__YOUR ASSIGNMENT__.
Return the entries in full, exactly as written.

** INPUT RECORDS follows **

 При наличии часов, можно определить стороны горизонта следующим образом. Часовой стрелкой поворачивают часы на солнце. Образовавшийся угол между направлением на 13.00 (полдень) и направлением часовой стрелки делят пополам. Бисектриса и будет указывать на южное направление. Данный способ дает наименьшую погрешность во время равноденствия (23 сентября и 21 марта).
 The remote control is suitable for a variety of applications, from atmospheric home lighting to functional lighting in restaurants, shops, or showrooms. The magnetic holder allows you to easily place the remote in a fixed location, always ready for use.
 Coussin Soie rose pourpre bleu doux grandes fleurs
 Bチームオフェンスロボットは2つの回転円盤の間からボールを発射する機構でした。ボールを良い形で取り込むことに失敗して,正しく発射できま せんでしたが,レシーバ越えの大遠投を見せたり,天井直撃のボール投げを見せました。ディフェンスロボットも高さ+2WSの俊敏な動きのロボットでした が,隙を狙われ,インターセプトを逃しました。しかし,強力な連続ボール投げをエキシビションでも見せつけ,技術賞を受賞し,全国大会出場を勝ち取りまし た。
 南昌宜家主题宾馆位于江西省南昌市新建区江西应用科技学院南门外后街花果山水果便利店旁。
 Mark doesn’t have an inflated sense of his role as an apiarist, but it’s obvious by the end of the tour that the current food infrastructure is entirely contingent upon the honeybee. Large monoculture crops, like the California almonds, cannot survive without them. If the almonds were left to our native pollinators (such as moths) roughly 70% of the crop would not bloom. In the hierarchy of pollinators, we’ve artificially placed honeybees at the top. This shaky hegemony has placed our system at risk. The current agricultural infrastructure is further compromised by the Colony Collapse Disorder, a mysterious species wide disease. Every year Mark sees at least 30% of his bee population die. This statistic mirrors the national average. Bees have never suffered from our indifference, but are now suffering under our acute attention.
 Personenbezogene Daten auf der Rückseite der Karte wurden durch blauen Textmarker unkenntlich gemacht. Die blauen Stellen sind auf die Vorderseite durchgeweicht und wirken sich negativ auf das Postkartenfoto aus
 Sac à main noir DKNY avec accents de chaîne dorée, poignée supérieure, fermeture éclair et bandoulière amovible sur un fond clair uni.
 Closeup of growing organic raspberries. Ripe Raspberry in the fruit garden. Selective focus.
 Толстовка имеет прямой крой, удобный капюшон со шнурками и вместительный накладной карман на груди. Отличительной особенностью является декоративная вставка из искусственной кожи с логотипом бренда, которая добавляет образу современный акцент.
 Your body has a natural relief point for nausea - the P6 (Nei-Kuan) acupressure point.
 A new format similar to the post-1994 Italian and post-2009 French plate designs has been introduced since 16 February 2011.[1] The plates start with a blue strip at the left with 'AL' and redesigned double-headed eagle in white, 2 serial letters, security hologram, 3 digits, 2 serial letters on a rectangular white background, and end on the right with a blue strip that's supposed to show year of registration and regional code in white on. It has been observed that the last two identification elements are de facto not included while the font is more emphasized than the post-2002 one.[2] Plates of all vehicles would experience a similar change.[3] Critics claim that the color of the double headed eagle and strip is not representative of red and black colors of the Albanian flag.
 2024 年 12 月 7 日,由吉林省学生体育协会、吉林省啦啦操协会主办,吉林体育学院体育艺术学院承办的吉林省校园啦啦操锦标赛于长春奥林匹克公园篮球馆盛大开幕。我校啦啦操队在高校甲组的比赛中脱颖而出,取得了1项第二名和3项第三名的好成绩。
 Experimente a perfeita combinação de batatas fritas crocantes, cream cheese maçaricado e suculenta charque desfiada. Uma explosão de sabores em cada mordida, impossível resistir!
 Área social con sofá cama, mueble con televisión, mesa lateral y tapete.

** End of INPUT RECORDS **

__REPLY__.
 При наличии часов, можно определить стороны горизонта следующим образом. Часовой стрелкой поворачивают часы на солнце. Образовавшийся угол между направлением на 13.00 (полдень) и направлением часовой стрелки делят пополам. Бисектриса и будет указывать на южное направление. Данный способ дает наименьшую погрешность во время равноденствия (23 сентября и 21 марта).
 The remote control is suitable for a variety of applications, from atmospheric home lighting to functional lighting in restaurants, shops, or showrooms. The magnetic holder allows you to easily place the remote in a fixed location, always ready for use.
 Coussin Soie rose pourpre bleu doux grandes fleurs
 Bチームオフェンスロボットは2つの回転円盤の間からボールを発射する機構でした。ボールを良い形で取り込むことに失敗して,正しく発射できま せんでしたが,レシーバ越えの大遠投を見せたり,天井直撃のボール投げを見せました。ディフェンスロボットも高さ+2WSの俊敏な動きのロボットでした が,隙を狙われ,インターセプトを逃しました。しかし,強力な連続ボール投げをエキシビションでも見せつけ,技術賞を受賞し,全国大会出場を勝ち取りまし た。
 南昌宜家主题宾馆位于江西省南昌市新建区江西应用科技学院南门外后街花果山水果便利店旁。
 Mark doesn’t have an inflated sense of his role as an apiarist, but it’s obvious by the end of the tour that the current food infrastructure is entirely contingent upon the honeybee. Large monoculture crops, like the California almonds, cannot survive without them. If the almonds were left to our native pollinators (such as moths) roughly 70% of the crop would not bloom. In the hierarchy of pollinators, we’ve artificially placed honeybees at the top. This shaky hegemony has placed our system at risk. The current agricultural infrastructure is further compromised by the Colony Collapse Disorder, a mysterious species wide disease. Every year Mark sees at least 30% of his bee population die. This statistic mirrors the national average. Bees have never suffered from our indifference, but are now suffering under our acute attention.
 Personenbezogene Daten auf der Rückseite der Karte wurden durch blauen Textmarker unkenntlich gemacht. Die blauen Stellen sind auf die Vorderseite durchgeweicht und wirken sich negativ auf das Postkartenfoto aus
 Sac à main noir DKNY avec accents de chaîne dorée, poignée supérieure, fermeture éclair et bandoulière amovible sur un fond clair uni.
 Closeup of growing organic raspberries. Ripe Raspberry in the fruit garden. Selective focus.
 Толстовка имеет прямой крой, удобный капюшон со шнурками и вместительный накладной карман на груди. Отличительной особенностью является декоративная вставка из искусственной кожи с логотипом бренда, которая добавляет образу современный акцент.
 Your body has a natural relief point for nausea - the P6 (Nei-Kuan) acupressure point.
 A new format similar to the post-1994 Italian and post-2009 French plate designs has been introduced since 16 February 2011.[1] The plates start with a blue strip at the left with 'AL' and redesigned double-headed eagle in white, 2 serial letters, security hologram, 3 digits, 2 serial letters on a rectangular white background, and end on the right with a blue strip that's supposed to show year of registration and regional code in white on. It has been observed that the last two identification elements are de facto not included while the font is more emphasized than the post-2002 one.[2] Plates of all vehicles would experience a similar change.[3] Critics claim that the color of the double headed eagle and strip is not representative of red and black colors of the Albanian flag.
 2024 年 12 月 7 日,由吉林省学生体育协会、吉林省啦啦操协会主办,吉林体育学院体育艺术学院承办的吉林省校园啦啦操锦标赛于长春奥林匹克公园篮球馆盛大开幕。我校啦啦操队在高校甲组的比赛中脱颖而出,取得了1项第二名和3项第三名的好成绩。
 Experimente a perfeita combinação de batatas fritas crocantes, cream cheese maçaricado e suculenta charque desfiada. Uma explosão de sabores em cada mordida, impossível resistir!
 Área social con sofá cama, mueble con televisión, mesa lateral y tapete.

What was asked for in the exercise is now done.